Your objective >>
Exclude all pictures, then write out exactly the lines below from the first one through the line with "根據(jù)艾媒咨詢(xún".

Supplied information >>
[Start of section]

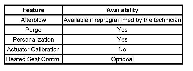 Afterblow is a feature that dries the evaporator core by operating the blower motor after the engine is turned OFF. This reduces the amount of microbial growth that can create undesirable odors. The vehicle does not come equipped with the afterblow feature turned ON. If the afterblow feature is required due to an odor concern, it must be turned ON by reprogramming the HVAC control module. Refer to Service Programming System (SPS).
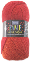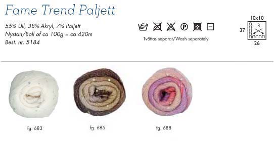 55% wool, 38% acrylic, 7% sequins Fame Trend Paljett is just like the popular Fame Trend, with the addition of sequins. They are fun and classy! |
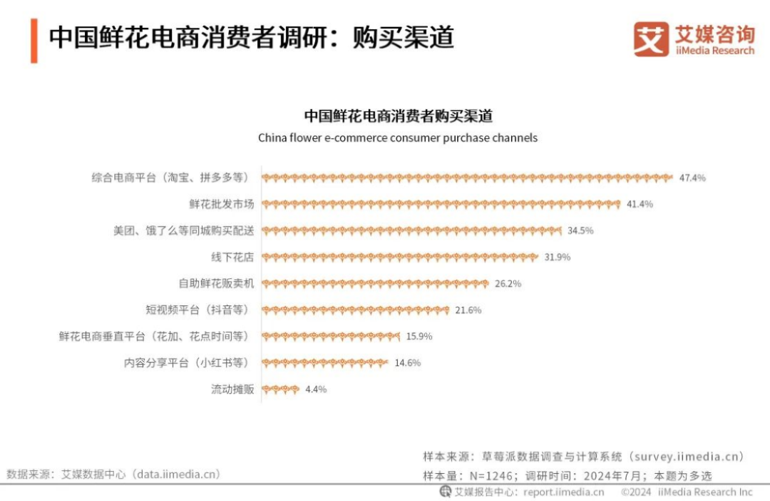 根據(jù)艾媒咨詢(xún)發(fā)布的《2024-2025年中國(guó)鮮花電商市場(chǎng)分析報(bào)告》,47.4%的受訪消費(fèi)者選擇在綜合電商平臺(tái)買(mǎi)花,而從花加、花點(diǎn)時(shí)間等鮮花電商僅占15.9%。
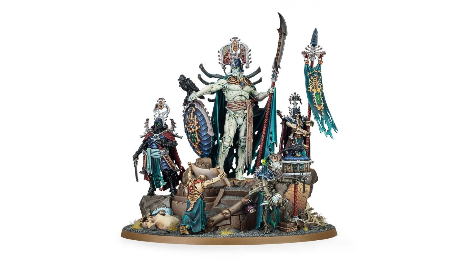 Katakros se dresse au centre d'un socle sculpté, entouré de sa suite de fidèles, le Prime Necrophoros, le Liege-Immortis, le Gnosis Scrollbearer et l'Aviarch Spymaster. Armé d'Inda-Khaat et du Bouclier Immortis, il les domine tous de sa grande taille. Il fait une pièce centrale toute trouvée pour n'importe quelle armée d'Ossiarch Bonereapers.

[End of section]

Answer area >>
 Afterblow is a feature that dries the evaporator core by operating the blower motor after the engine is turned OFF. This reduces the amount of microbial growth that can create undesirable odors. The vehicle does not come equipped with the afterblow feature turned ON. If the afterblow feature is required due to an odor concern, it must be turned ON by reprogramming the HVAC control module. Refer to Service Programming System (SPS).
 55% wool, 38% acrylic, 7% sequins Fame Trend Paljett is just like the popular Fame Trend, with the addition of sequins. They are fun and classy! |
 根據(jù)艾媒咨詢(xún)發(fā)布的《2024-2025年中國(guó)鮮花電商市場(chǎng)分析報(bào)告》,47.4%的受訪消費(fèi)者選擇在綜合電商平臺(tái)買(mǎi)花,而從花加、花點(diǎn)時(shí)間等鮮花電商僅占15.9%。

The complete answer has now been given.